# Not exactly carving



## Gologit (Feb 9, 2010)

One of our landing guys was freehanding cedar planters out of cull logs this summer. I didn't get a chance to watch him but I saw some of the finished product. They ranged in length from 3 to 6 feet.

Anybody know how to do this? I'd like to give it a try.


----------



## RandyMac (Feb 11, 2010)

Leave it to a landing man to have the time to create art.


----------



## Gologit (Feb 11, 2010)

RandyMac said:


> Leave it to a landing man to have the time to create art.



Yeah, and he was pretty good, too. The guy never stood still for more than a minute...always doing something. Good hand. I cut a bunch of cedar yesterday so I might try to just figure it out on my own. What doesn't make a planter will always make fire wood.


----------



## bigbadbob (Feb 11, 2010)

How about some pictures!!!
Then us retired guys might have an idea on what to do with our spare time!!:biggrinbounce2:
And our spare saws!!
I have a new to me 090 just dying to carve!!!


----------



## RandyMac (Feb 12, 2010)

You do know what the best use of an 090 is?

Yeah Bob, landing men are busy, one thing after another, and some that try to squash them, usually painted yellow.

I made a ton of planters out of split stuff, winter project stuff.


----------



## John Ellison (Feb 22, 2010)

This isnt a carving either, or a planter. But it will probably end up holding a plant. I have to hand it to the guys that actually do carve things with a chainsaw. I kept getting in a hurry and woops, oh well. Started out as a pine butt log somewhere around 30" dia.x36"l. Now it is around 36"tall x15"sq. I just happened to think, it would be fun to make a chain out of a log.


----------



## Gologit (Feb 22, 2010)

John Ellison said:


> This isnt a carving either, or a planter. But it will probably end up holding a plant. I have to hand it to the guys that actually do carve things with a chainsaw. I kept getting in a hurry and woops, oh well. Started out as a pine butt log somewhere around 30" dia.x36"l. Now it is around 36"tall x15"sq. I just happened to think, it would be fun to make a chain out of a log.

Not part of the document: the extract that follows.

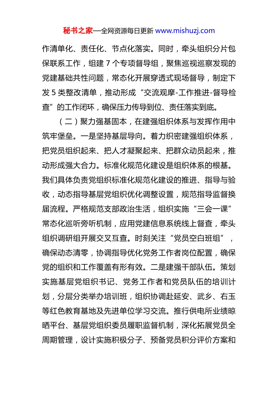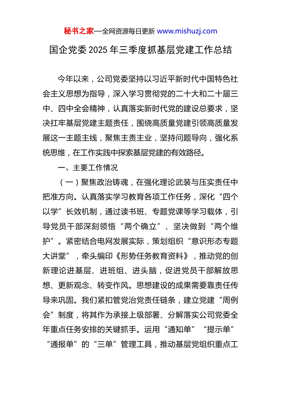 秘书之家—全网资源每日更新 www.mishuzj.com国企党委 2025 年三季度抓基层党建工作总结 今年以来,公司党委坚持以习近平新时代中国特色社会主义思想为指导,深入学习贯彻党的二十大和二十届三中、四中全会精神,认真落实新时代党的建设总要求,坚决扛牢基层党建主题责任,围绕高质量党建引领高质量发展这一主题主线,聚焦主责主业,坚持问题导向,强化系统思维,在工作实践中探索基层党建的有效路径。一、主要工作情况(一)聚焦政治铸魂,在强化理论武装与压实责任中把准方向。认真落实学习教育各项工作任务,深化“四个以学”长效机制,通过读书班、专题党课等学习载体,引导党员干部深刻领悟“两个确立”、坚决做到“两个维护”。紧密结合电网发展实际,策划组织“意识形态专题大讲堂”,牵头编印《形势任务教育资料》,推动党的创新理论进基层、进班组、进头脑,促进党员干部解放思想、更新观念、转变作风。思想建设的成果需要靠责任传导来巩固。我们紧扣管党治党责任链条,建立党建“周例会”制度,将其作为承接上级部署、分解落实公司党委全年重点任务安排的关键抓手。运用“通知单”“提示单”“通报单”的“三单”管理工具,推动基层党组织重点工秘书之家—全网资源每日更新 www.mishuzj.com作清单化、责任化、节点化落实。同时,牵头组织分片包保联系工作,组建 7 个专项督导组,聚焦巡视巡察发现的党建基础共性问题,常态化开展穿透式现场督导,制定下发 5 类整改清单,推动形成“交流观摩-工作推进-督导检查”的工作闭环,确保压力传导到位、责任落实到底。(二)聚力强基固本,在建强组织体系与发挥作用中筑牢堡垒。一是坚持基层导向。着力织密建强组织体系,把党员组织起来、把人才凝聚起来、把群众动员起来,推动形成强大合力。标准化规范化建设是组织体系的根基。我们具体负责党组织标准化规范化建设的推进、指导与验收,动态指导基层党组织优化调整设置,规范指导监督换届流程。严格规范支部政治生活,组织实施“三会一课”常态化巡听旁听机制,应用党建信息系统线上督查,牵头组织调研组开展交叉互查。时刻关注“党员空白班组”,确保动态清零,协调指导优化党务工作者岗位配置,确保党的组织和工作覆盖有形有效。二是建强干部队伍。策划实施基层党组织书记、党务工作者和党员队伍的培训计划,分层分类举办培训班,组织协调赴延安、武乡、右玉等红色教育基地及先进单位学习交流。推行供电所业绩晾晒平台、基层党组织委员履职监督机制,深化拓展党员全周期管理,设计实施积极分子、预备党员积分评价方案和秘书之家—全网资源每日更新 www.mishuzj.com正式党员积分量化“分色”管理模型,引导党员立足岗位创先争优,广泛组织党员岗位亮诺践诺活动,激励党员在急难险重任务中冲锋在前。三是突出党业融合。高质量推进太行黎明共产党员服务队和青年突击队“两队”传承共建,深化党员无违章、党员无意见“两无”专项行动,创新运用“联合组队”“派员参队”模式,指导新建服务队,实现本部支部“两队”建设全覆盖。协调组织“两队”成员下沉供电网格,策划开展结合“党建+基建”等主题的服务提升与攻坚克难专项行动。优化整合党组织联建共建、岗区队、供电所党建协作区、“进千家门、访万户需”等载体平台,推动党建深度融入构建新型电力系统、卓越供电服务、科技创新等核心业务。创新建立“三类清单”工作机制,牵头梳理公司年度重点难点问题,精准匹配资源力量,定期组织攻坚行动,确保关键领域有党员担当、攻坚一线有党员旗帜。(三)着力文化赋能,在构建宣传格局与打造品牌中凝心聚力。一是强化文化引领。着力发挥宣传工作在思想引导、凝聚共识、形象塑造中的关键作用,亮出公司党建“新特色”。构建“大宣传”格局是提升宣传效能的关键。我们制定完善新闻宣传激励机制,聚焦电力保供、优质服务、改革创新等中心工作,强化选题策划和正面引秘书之家—全网资源每日更新 www.mishuzj.com导,公司内外部宣传刊发量和影响力显著提升。精心策划打磨《丈量》等品牌故事,乡村振兴主题微电影《又是一年梨花开》获省级奖项。同时,牵头构建舆情管理体系,创新...

Nice chair, John. I'm still experimenting with the planter. All I have so far is firewood.


----------



## matt9923 (Feb 22, 2010)

Gologit said:


> Nice chair, John. I'm still experimenting with the planter. All I have so far is firewood.



 keep us posted on how it goes. My brother made a mushroom, ill see if I can find the pictures.





he used my 028 super with 16"


----------



## TreeTarget (Mar 4, 2010)

*Steps up the ladder...*

Seems the chair would be so much easier to start with...Nice one, by the way. The curves, moreso than the angles are what I will be worried about on pieces that are more sculpture than furniture. Mushrooms seem like more headache than they are worth. Lots of practice on curves, though.


----------



## dancan (Mar 28, 2010)

Hope this helps a little .
http://www.stihl.ca/KnowHow.aspx?sub=tipstricks&tip=trunk&x=9R5xFLWjQ1ENuy3RluBFJA


----------



## john taliaferro (Mar 30, 2010)

cool mushroom . Mike &i put a spring in them ,use a die spring and just drill a hole in the cap& stim ,bobble heads , 200.00 $ 200.$ we even do adopsion papers for a resipt. john t


----------